TASK REQUIREMENTS ->
Set down, exactly as they stand, the lines from the one containing "注:1.作曲與作曲技術理論及" through the last line of the records below, leaving every picture out.

⟨

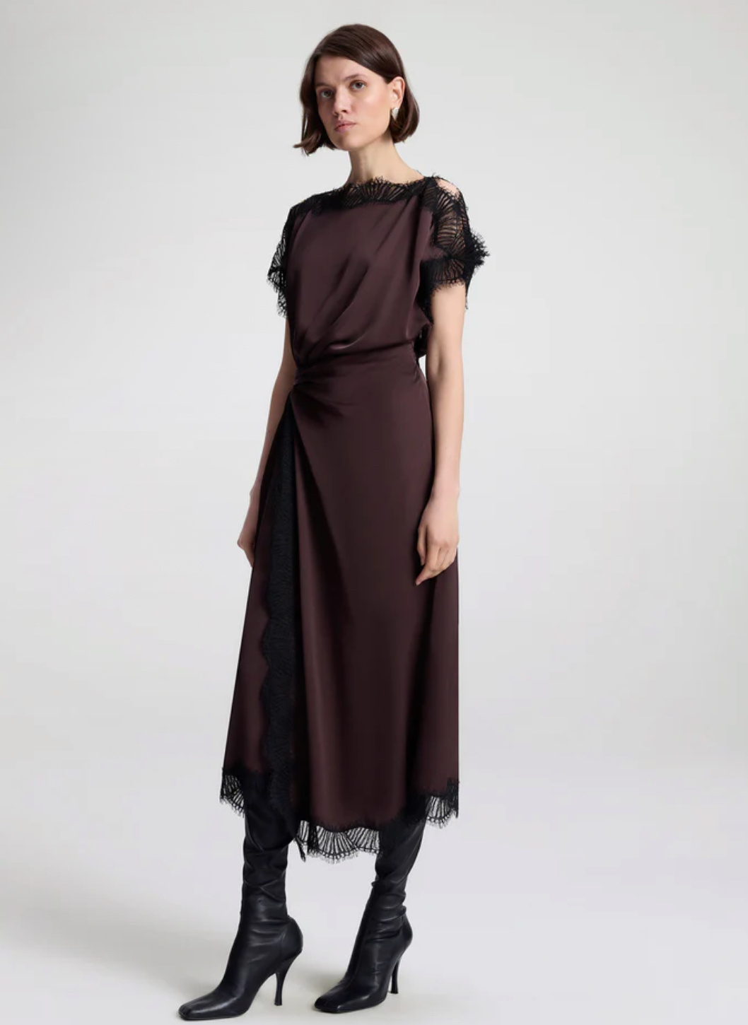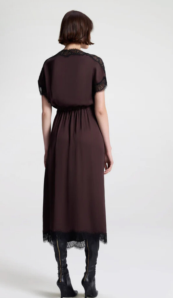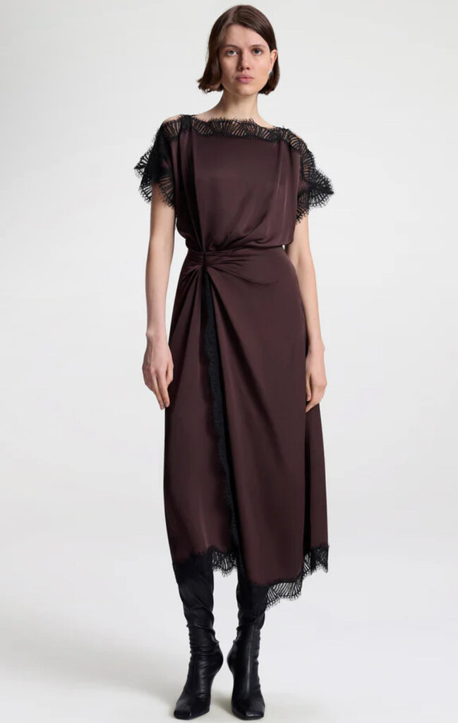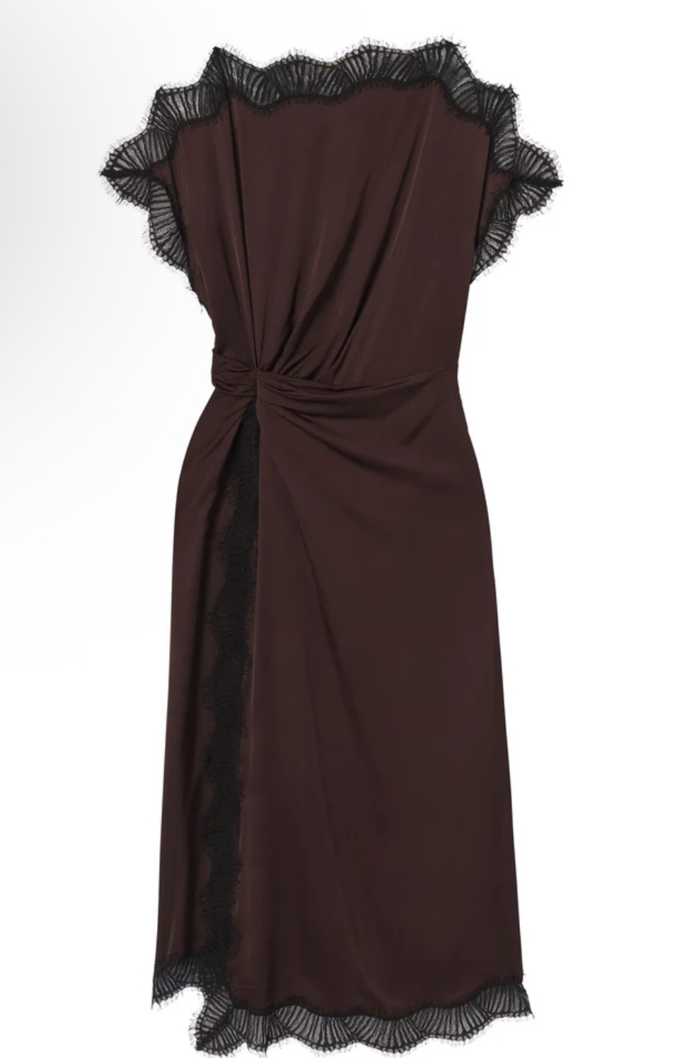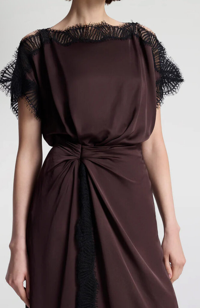 Scalloped eyelash lace trims this fluid viscose midi with a bateau neckline, flutter sleeves, and a ruched waist.
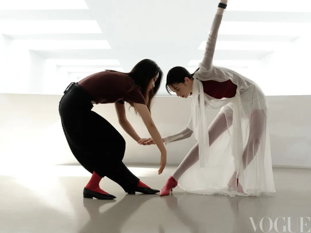 左:枣色连体衣 Wolford 黑色长裤 Issey Miyake 红色打底裤 Calzedonia 黑色平底鞋 Loro Piana 右:白色纱裙 Dolce & Gabbana 红色打底裤 Calzedonia 红色尖头鞋 Maje
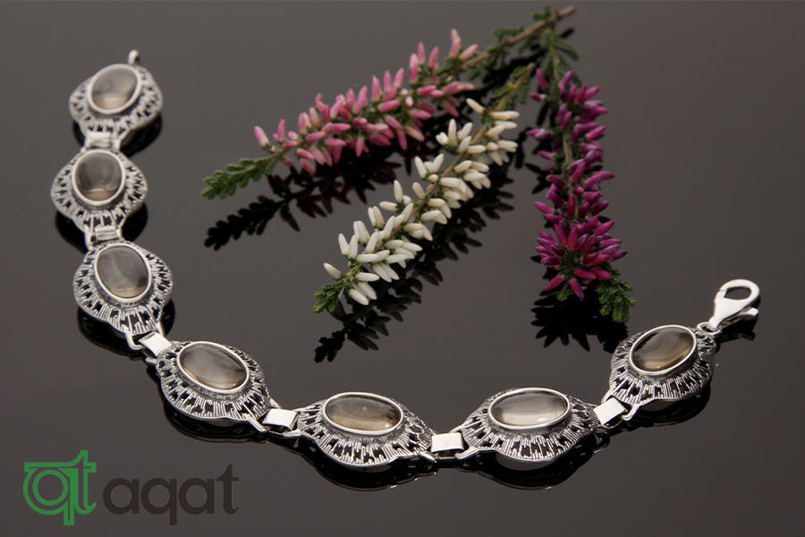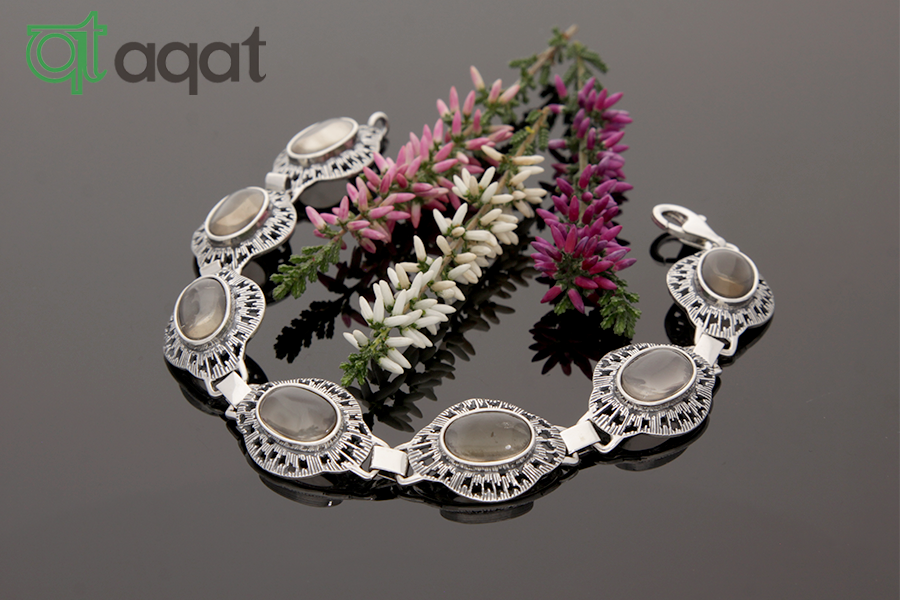 Bransoletka srebrna próby 925, oksydowana z Kwarcem Dymnym o wymiarach 12/8.
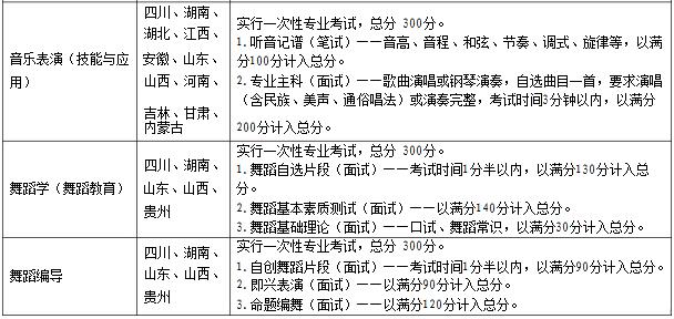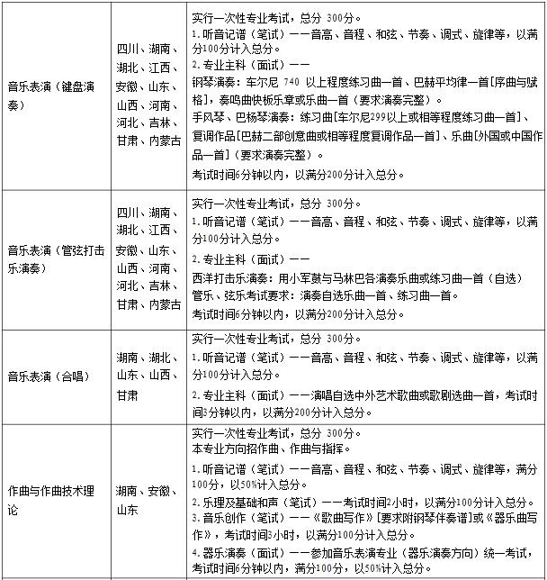 注:1.作曲與作曲技術理論及音樂表演所有專業方向“聽音記譜(筆試)”科目實行一次性考試,成績通用。
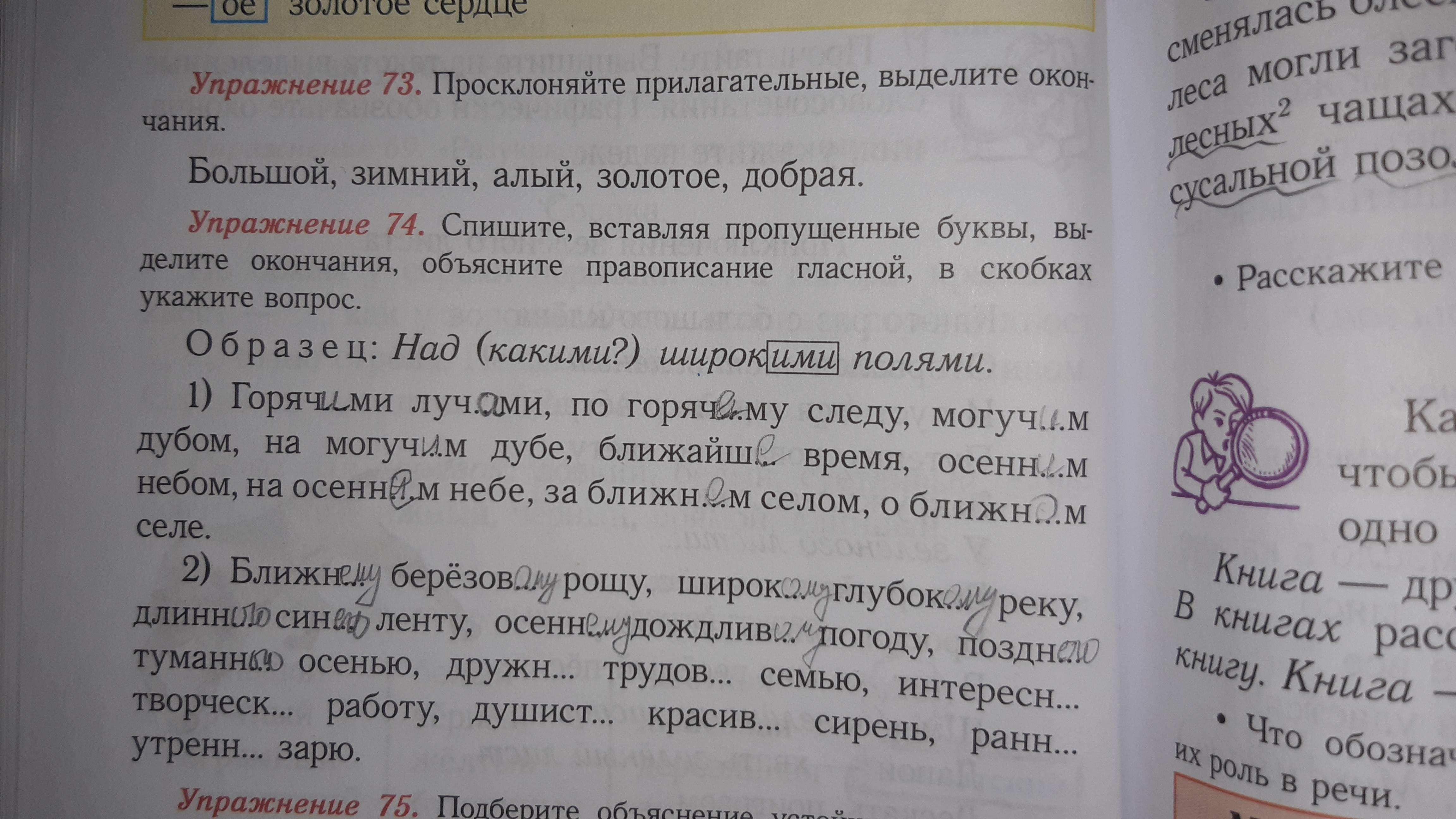 2) ближнюю березовую рощу (что?), широкую, глубокую реку (что?), длинную, синюю ленту (что?), осеннюю, дождливую погоду (когда?), позднюю, туманную погоду (когда?), дружную, трудовую семью (с кем?), интересную, творческую работу (что?), душистая, красивая сирень (что?), раннюю, утреннюю зарю (что?).
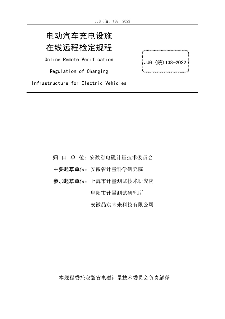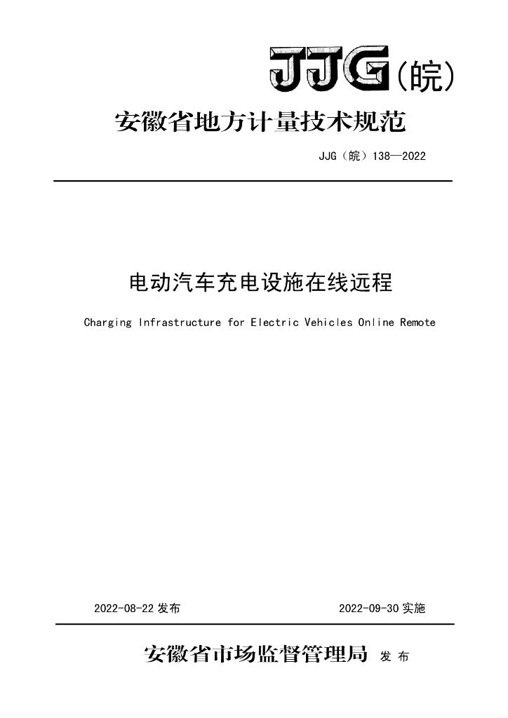 JJG(皖)138-2022 电动汽车充电设施在线远程检定规程
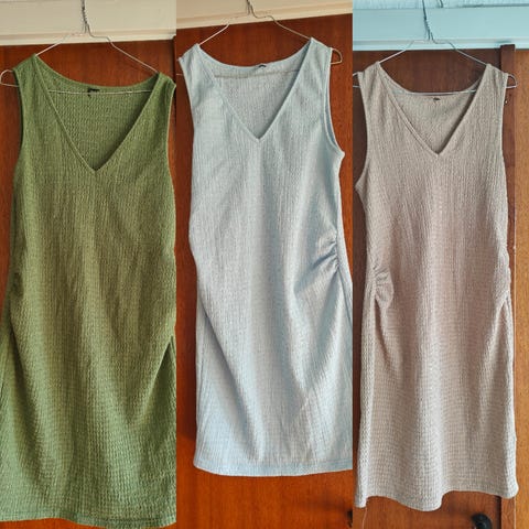 Helt nyt sæt ventetøj / graviditetstøj med kortærmet bluse og lange bukser. Blusen har sløjfe der kan bindes i den ene side i bunden og v halsudskæring. Elastik talje i bukserne og lommer foran. Stadig med prismærker da jeg aldrig nåede at tage det i brug. Nypris 550 kr for begge dele. Sælges samlet

⟩

EXERCISE OUTPUT ->
 注:1.作曲與作曲技術理論及音樂表演所有專業方向“聽音記譜(筆試)”科目實行一次性考試,成績通用。
 2) ближнюю березовую рощу (что?), широкую, глубокую реку (что?), длинную, синюю ленту (что?), осеннюю, дождливую погоду (когда?), позднюю, туманную погоду (когда?), дружную, трудовую семью (с кем?), интересную, творческую работу (что?), душистая, красивая сирень (что?), раннюю, утреннюю зарю (что?).
 JJG(皖)138-2022 电动汽车充电设施在线远程检定规程
 Helt nyt sæt ventetøj / graviditetstøj med kortærmet bluse og lange bukser. Blusen har sløjfe der kan bindes i den ene side i bunden og v halsudskæring. Elastik talje i bukserne og lommer foran. Stadig med prismærker da jeg aldrig nåede at tage det i brug. Nypris 550 kr for begge dele. Sælges samlet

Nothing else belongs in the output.